Earlier this week I stumbled upon this fascinating article: Geoffrey West on the Life and Death of Companies. Physicist Geoffrey West believes that complex systems from organisms to cities are in many ways governed by simple laws — laws that can be discovered and analyzed.
Geoffrey West’s started his research because he thought there should be a formula, based on the underlying principles of how life works, that would let you calculate the life span of a human being. He started diving into scaling laws that basically represent how various measurements in a system, for instance if a mammal’s body changes proportionally as their size changes. Kleiber’s law is one of them which shows the metabolic rate (the amount of energy you need to stay alive per day) is related to an organism’s size. If you double the size of the organism you only need 75% more energy. West explains, even though a whale weighs 100 million times more than a shrew, you might expect its metabolic rate to be 100 million times greater. But it’s only a million times greater. This pattern holds true with very few exceptions across all organisms.
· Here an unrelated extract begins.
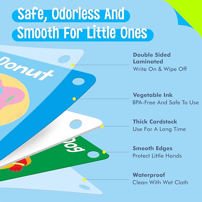 - Easy to Use and Store: The flashcards are lightweight and well-packed, perfect for on-the-go learning and travel-friendly. It measures about 4” x 4”, a proper size for toddlers’ little hands. Come with 4 rings for easy sorting and organization.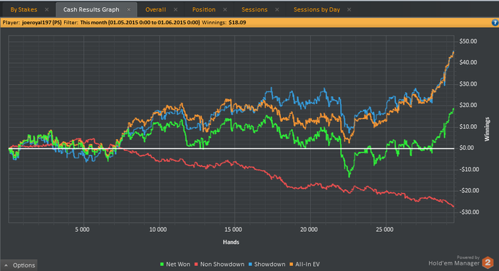Прошло пол месяца - отыграл 24000 рук выиграл 30 баксов.В игре дикие стрики выигрывая по 30 баксов за день и проигрывая по 20.Начинаю терять уверенность в игре - 10000 на нуле.

Next, he noticed another scaling law that shows that larger animals have predictably slower heartbeats than small animals, which translates into larger animals having longer life spans than smaller animals. Kleiber’s law and this combined let you see that big animals live very long but slowly, and little ones live very fast but over a very short period of time. West and his colleagues also studied the mammalian circulatory system and blood flow rate related to its size.
Then he started applying these laws and researching how cities grow and then companies.
When he studied cities, he found that unlike everything he saw with biology, cities scale in a super-linear fashion. When you double the size of a city, you get more than double the amount of both good and bad socioeconomic quantities i.e. patents, wages and crime. If you double a city from 100,000 to 200,000 or 1 million to 2 million or 10 million to 20 million he found the scaling law doesn’t change. In each case the wealth, number of patents, number of creative people, number of police, waste, number of colleges all increases by 15%. This also combined with a 15% savings in infrastructure. This 15 percent rule is a universal phenomenon.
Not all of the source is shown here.